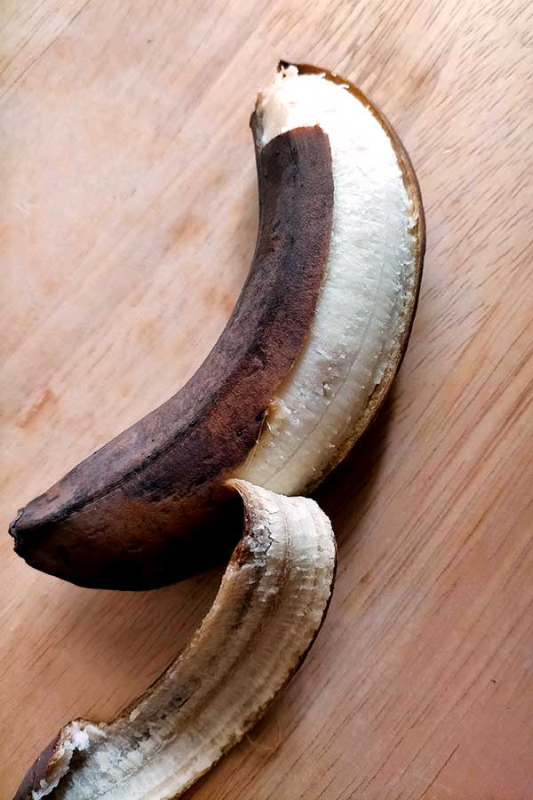 冷蔵庫に長い間保存しておいて忘れてしまった! 完全に真っ黒になったバナナ@さて~中身は大丈夫やろか。
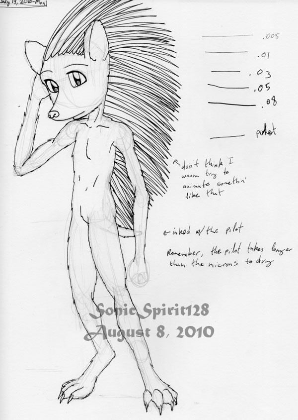 Well, it's more than a pen test, though it is that too. But there's enough of a style test here that that's a big part of it. This hedgehog's supposed to be a kid, though it doesn't really come off as such. Just some character design for a story I've toyed with, and considered turning into a cartoon.
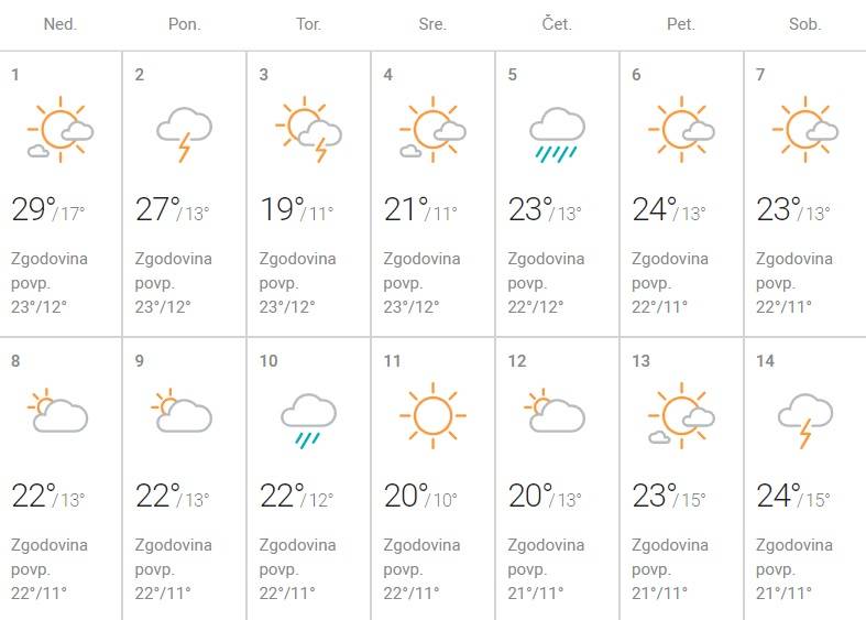 Po modelski napovedi meteorološkega portala Accuweather bodo ozračje v ponedeljek ohladile nevihte. Temperature se bodo spustile za več kot 10 stopinj in v torek čez dan napovedujejo največ 19 stopinj Celzija.
········
What to work on.
Only the pictures are dropped when you print the material; everything else is copied exactly.

The answer.
 冷蔵庫に長い間保存しておいて忘れてしまった! 完全に真っ黒になったバナナ@さて~中身は大丈夫やろか。
 Well, it's more than a pen test, though it is that too. But there's enough of a style test here that that's a big part of it. This hedgehog's supposed to be a kid, though it doesn't really come off as such. Just some character design for a story I've toyed with, and considered turning into a cartoon.
 Po modelski napovedi meteorološkega portala Accuweather bodo ozračje v ponedeljek ohladile nevihte. Temperature se bodo spustile za več kot 10 stopinj in v torek čez dan napovedujejo največ 19 stopinj Celzija.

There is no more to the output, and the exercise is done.